PGDATA="/var/lib/postgresql/14/main"
TARGET_TIME="${1:-latest}" # Format: '2024-10-15 14:30:00 UTC'
RECOVERY_TARGET="${2:-immediate}" # immediate, time, xid, name
# Colors for output
RED='\033[0;31m'
GREEN='\033[0;32m'
YELLOW='\033[1;33m'
NC='\033[0m'
log() {
echo -e "${GREEN}[$(date +'%Y-%m-%d %H:%M:%S')]${NC} $1"
}
error() {
echo -e "${RED}[ERROR]${NC} $1" >&2
exit 1
}
warn() {
echo -e "${YELLOW}[WARNING]${NC} $1"
}
# Step 1: Verify prerequisites
check_prerequisites() {
log "Checking prerequisites..."
# Check if PostgreSQL is stopped
if systemctl is-active --quiet postgresql; then
warn "PostgreSQL is running. Stopping service..."
systemctl stop postgresql
fi
# Verify AWS credentials
if ! aws sts get-caller-identity &>/dev/null; then
error "AWS credentials not configured"
fi
# Check available disk space
REQUIRED_SPACE=$((50 * 1024 * 1024)) # 50GB in KB
AVAILABLE_SPACE=$(df -k "$PGDATA" | tail -1 | awk '{print $4}')
if [ "$AVAILABLE_SPACE" -lt "$REQUIRED_SPACE" ]; then
error "Insufficient disk space. Required: 50GB, Available: $((AVAILABLE_SPACE / 1024 / 1024))GB"
fi
log "Prerequisites check passed"
}
# Step 2: List available base backups
list_backups() {
log "Fetching available base backups..."
aws s3 ls "$BACKUP_BUCKET/base-backups/" --recursive | \
grep "backup.tar.gz" | \
awk '{print $4}' | \
sort -r | \
head -10
read -p "Enter backup to restore (or press Enter for latest): " SELECTED_BACKUP
if [ -z "$SELECTED_BACKUP" ]; then
SELECTED_BACKUP=$(aws s3 ls "$BACKUP_BUCKET/base-backups/" --recursive | \
grep "backup.tar.gz" | \
awk '{print $4}' | \
sort -r | \
head -1)
fi
log "Selected backup: $SELECTED_BACKUP"
}
# Step 3: Restore base backup
restore_base_backup() {
log "Restoring base backup..."
# Backup current PGDATA if it exists
if [ -d "$PGDATA" ]; then
BACKUP_DIR="${PGDATA}.$(date +%Y%m%d_%H%M%S)"

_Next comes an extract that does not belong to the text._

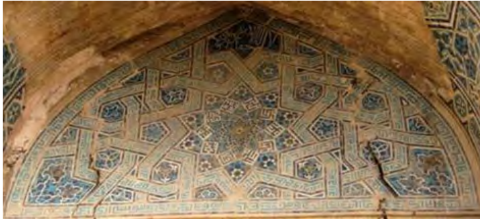
تصویر- ۱۳ کتیبه کاشی‌کاری، اسامی اصحاب حدیث «عشره مبشره» در وسط و صلوات بر حضرت محمد (ص) و ائمه اطهار در حاشیه، ایوان شمالی مسجد- مدرسه امامیه اصفهان، نگارنده

هفت رنگ اجرا شده‌اند؛ و با توجه به این که تکنیک کاشی‌کاری هفت رنگ، شیوه ابداعی در دوره صفوی و رسمی شدن مذهب تشیع، در این دوره در ایران است؛ احتمالاً در بازسازیها و مرمت مدرسه امامیه در دوره صفویه یا قاجار به بنا الحاق شده است، که متأسفانه تاریخ یا سند مکتوبی پیرامون این مسئله در دست نیست (تصویر ۱۱).

warn "Backing up current PGDATA to $BACKUP_DIR"
mv "$PGDATA" "$BACKUP_DIR"
fi
mkdir -p "$PGDATA"
# Download and extract base backup
log "Downloading base backup from S3..."
aws s3 cp "$BACKUP_BUCKET/$SELECTED_BACKUP" - | \
tar -xzf - -C "$PGDATA"
# Set correct permissions
chown -R postgres:postgres "$PGDATA"
chmod 700 "$PGDATA"
log "Base backup restored successfully"
}
# Step 4: Configure recovery
configure_recovery() {
log "Configuring recovery settings..."
cat > "$PGDATA/recovery.signal" << EOF
# Recovery signal file created by pitr-restore.sh
EOF
# Create postgresql.auto.conf with recovery settings
cat > "$PGDATA/postgresql.auto.conf" << EOF
# Temporary recovery configuration
restore_command = 'aws s3 cp $BACKUP_BUCKET/wal-archive/%f %p'
recovery_target_action = 'promote'
EOF
# Add recovery target if specified
case "$RECOVERY_TARGET" in
time)
echo "recovery_target_time = '$TARGET_TIME'" >> "$PGDATA/postgresql.auto.conf"
log "Recovery target: $TARGET_TIME"
;;
xid)
echo "recovery_target_xid = '$TARGET_TIME'" >> "$PGDATA/postgresql.auto.conf"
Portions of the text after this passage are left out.